**Input**
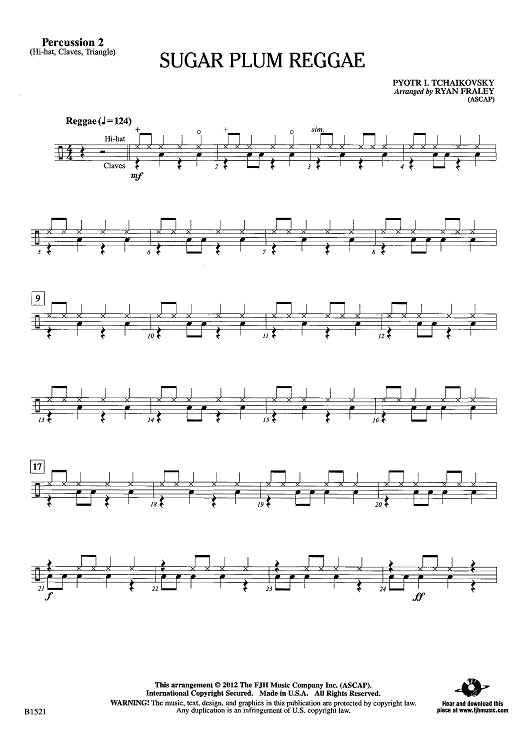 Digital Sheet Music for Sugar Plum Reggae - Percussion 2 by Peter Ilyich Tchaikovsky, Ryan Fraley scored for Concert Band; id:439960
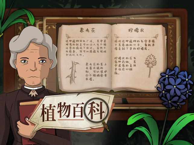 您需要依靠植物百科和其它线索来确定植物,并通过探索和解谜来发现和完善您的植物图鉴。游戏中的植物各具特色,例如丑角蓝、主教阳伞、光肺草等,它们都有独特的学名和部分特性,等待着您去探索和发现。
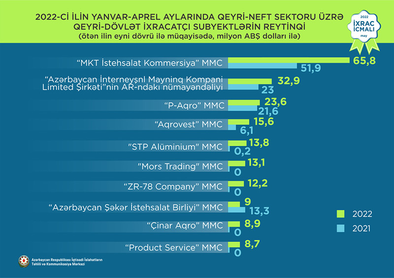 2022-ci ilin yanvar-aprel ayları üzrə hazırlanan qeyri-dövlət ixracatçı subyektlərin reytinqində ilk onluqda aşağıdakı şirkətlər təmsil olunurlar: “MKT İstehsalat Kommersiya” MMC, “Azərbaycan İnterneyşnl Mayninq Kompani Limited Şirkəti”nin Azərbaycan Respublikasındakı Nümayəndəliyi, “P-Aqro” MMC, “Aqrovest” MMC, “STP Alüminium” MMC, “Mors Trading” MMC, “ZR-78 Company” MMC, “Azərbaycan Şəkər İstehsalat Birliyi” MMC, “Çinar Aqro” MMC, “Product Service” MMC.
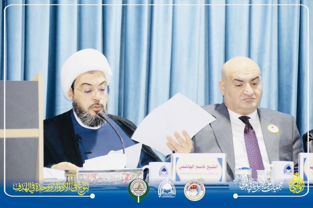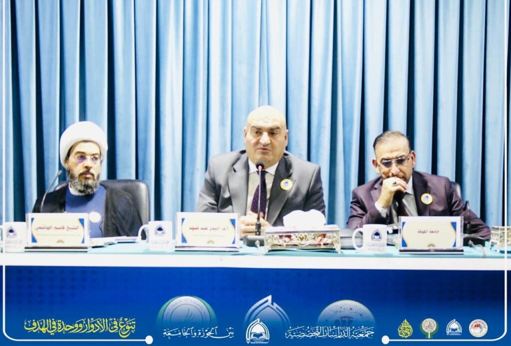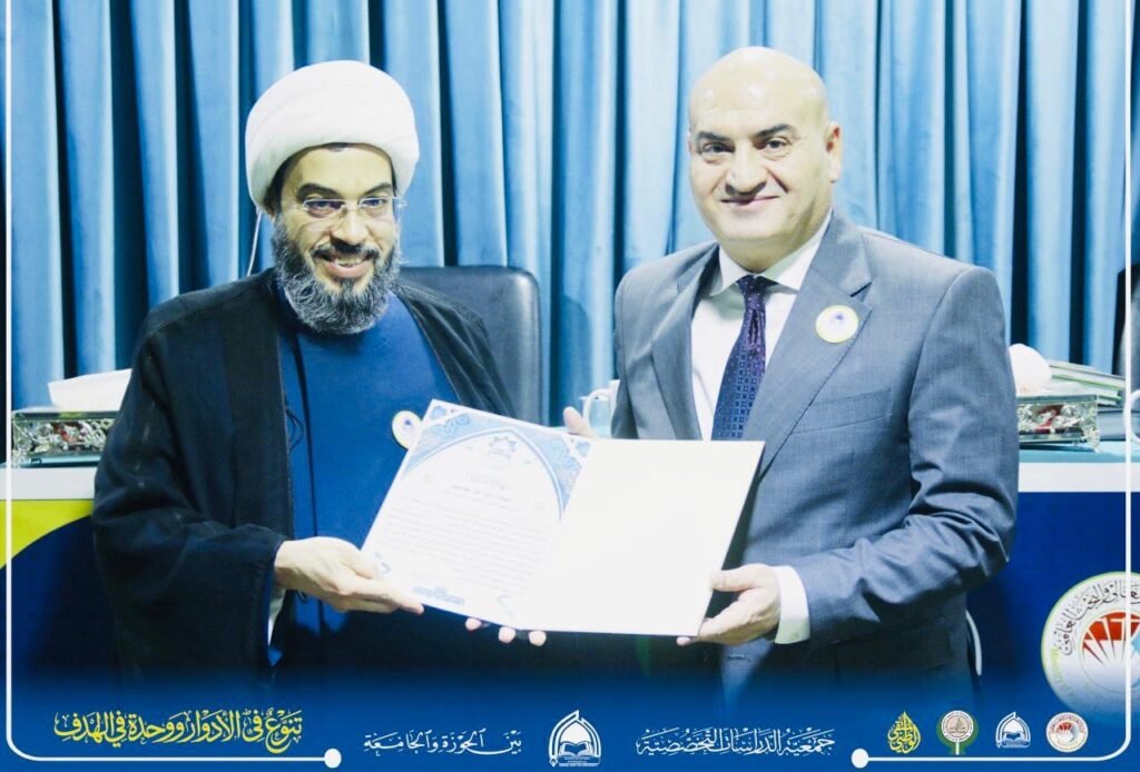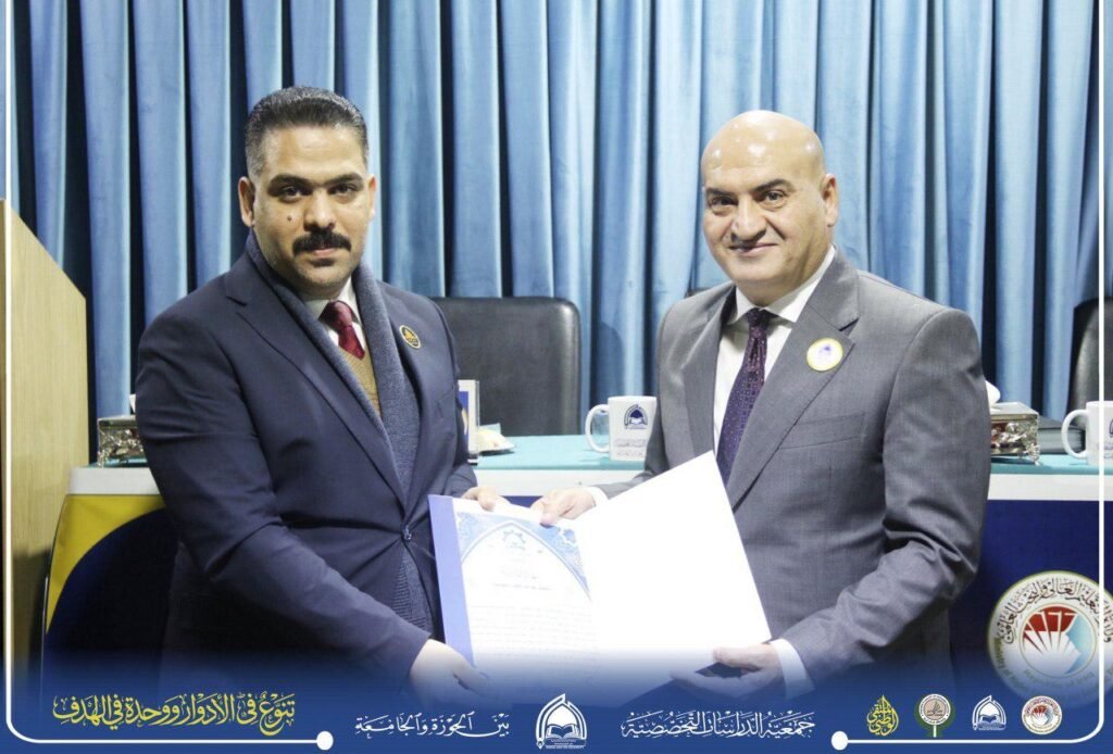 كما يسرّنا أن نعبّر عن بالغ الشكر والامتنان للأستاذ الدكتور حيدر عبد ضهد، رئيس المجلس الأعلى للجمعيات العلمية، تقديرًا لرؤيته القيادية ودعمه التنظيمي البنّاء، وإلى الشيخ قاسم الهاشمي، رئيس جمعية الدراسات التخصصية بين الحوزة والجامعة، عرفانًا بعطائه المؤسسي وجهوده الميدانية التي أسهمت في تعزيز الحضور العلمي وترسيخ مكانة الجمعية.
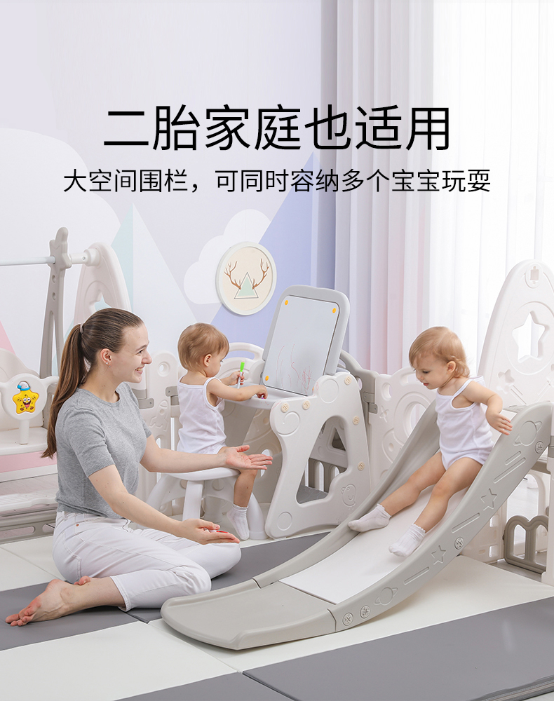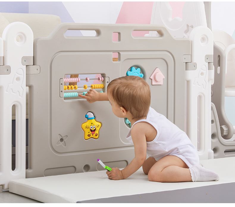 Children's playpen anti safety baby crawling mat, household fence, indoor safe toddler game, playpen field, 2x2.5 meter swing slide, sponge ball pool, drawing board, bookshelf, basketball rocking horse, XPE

==

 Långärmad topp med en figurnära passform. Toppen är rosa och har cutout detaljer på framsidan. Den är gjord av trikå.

==

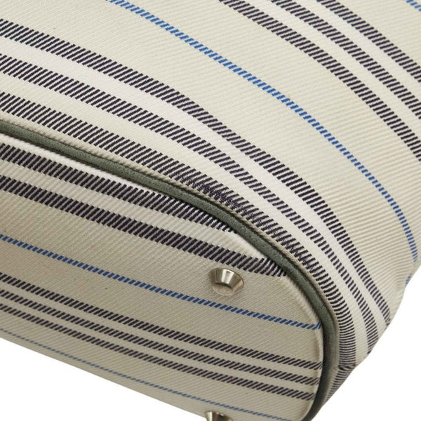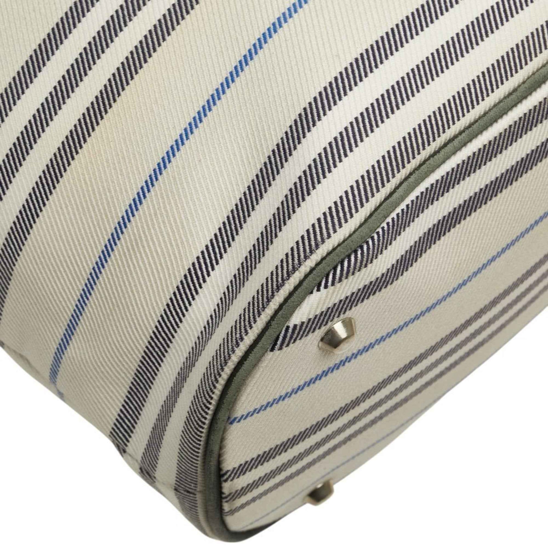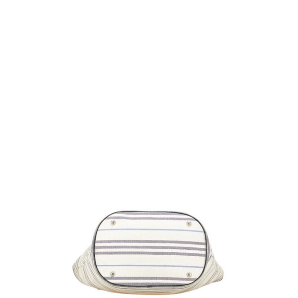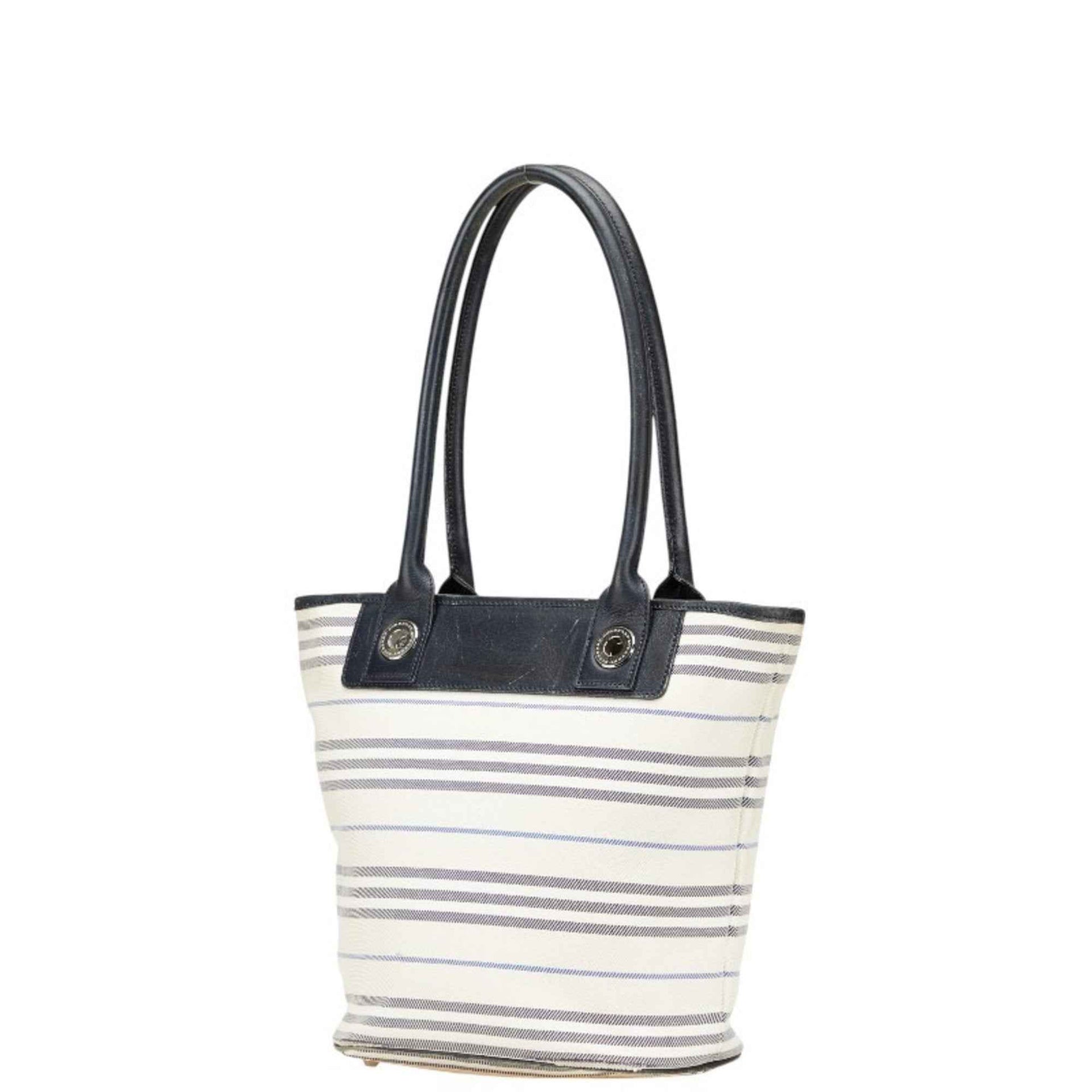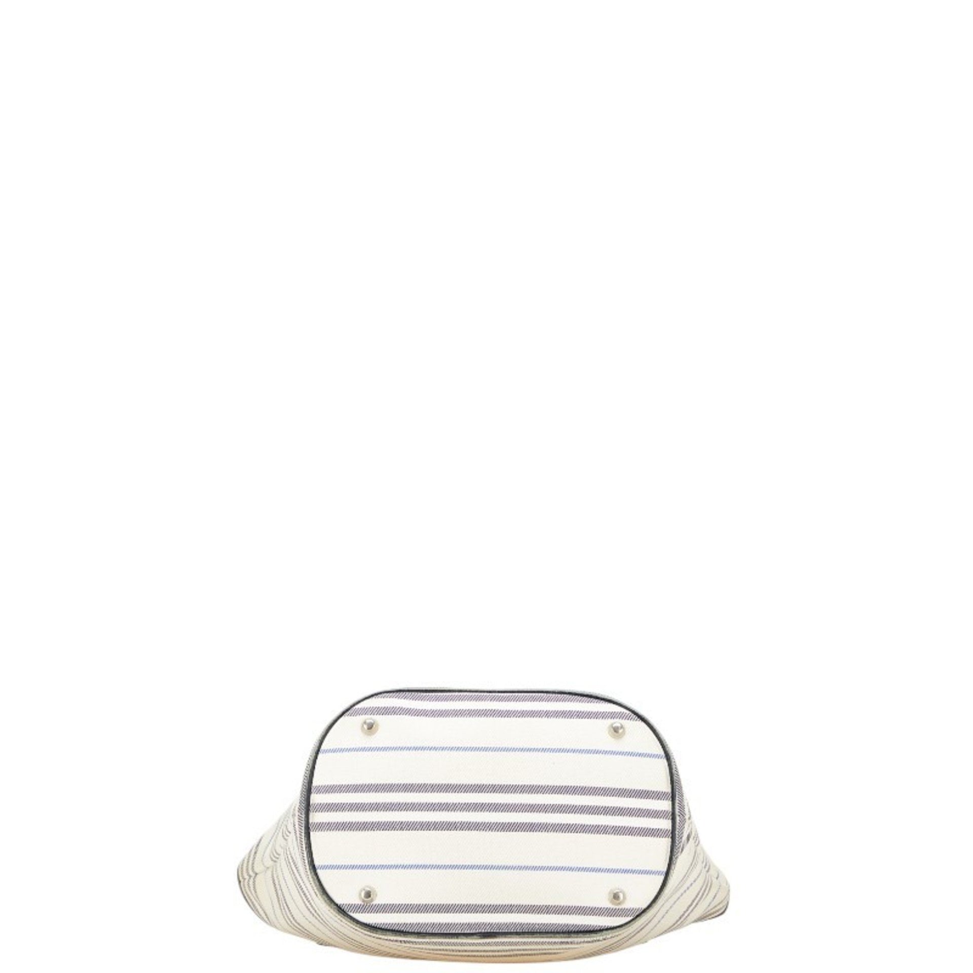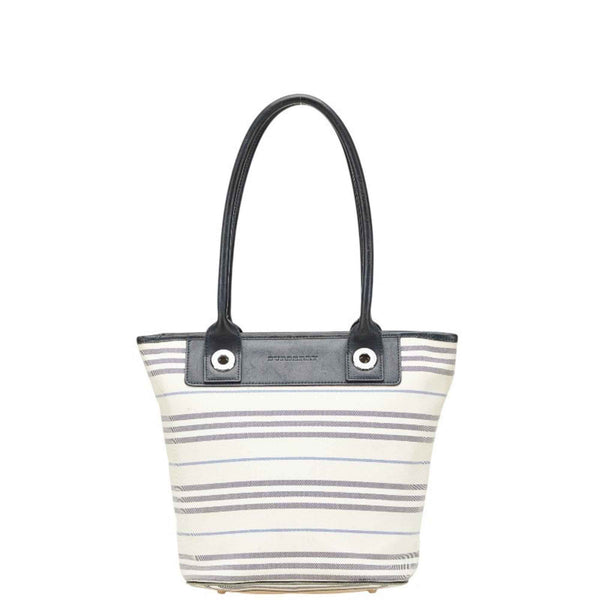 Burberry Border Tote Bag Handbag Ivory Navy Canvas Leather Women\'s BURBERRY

**Task requirements**
Reproduce exactly the lines above starting at the line containing "Digital Sheet Music" and ending at the line containing "كما يسرّنا أن", including both, but not the pictures.

**Solution**
 Digital Sheet Music for Sugar Plum Reggae - Percussion 2 by Peter Ilyich Tchaikovsky, Ryan Fraley scored for Concert Band; id:439960
 您需要依靠植物百科和其它线索来确定植物,并通过探索和解谜来发现和完善您的植物图鉴。游戏中的植物各具特色,例如丑角蓝、主教阳伞、光肺草等,它们都有独特的学名和部分特性,等待着您去探索和发现。
 2022-ci ilin yanvar-aprel ayları üzrə hazırlanan qeyri-dövlət ixracatçı subyektlərin reytinqində ilk onluqda aşağıdakı şirkətlər təmsil olunurlar: “MKT İstehsalat Kommersiya” MMC, “Azərbaycan İnterneyşnl Mayninq Kompani Limited Şirkəti”nin Azərbaycan Respublikasındakı Nümayəndəliyi, “P-Aqro” MMC, “Aqrovest” MMC, “STP Alüminium” MMC, “Mors Trading” MMC, “ZR-78 Company” MMC, “Azərbaycan Şəkər İstehsalat Birliyi” MMC, “Çinar Aqro” MMC, “Product Service” MMC.
 كما يسرّنا أن نعبّر عن بالغ الشكر والامتنان للأستاذ الدكتور حيدر عبد ضهد، رئيس المجلس الأعلى للجمعيات العلمية، تقديرًا لرؤيته القيادية ودعمه التنظيمي البنّاء، وإلى الشيخ قاسم الهاشمي، رئيس جمعية الدراسات التخصصية بين الحوزة والجامعة، عرفانًا بعطائه المؤسسي وجهوده الميدانية التي أسهمت في تعزيز الحضور العلمي وترسيخ مكانة الجمعية.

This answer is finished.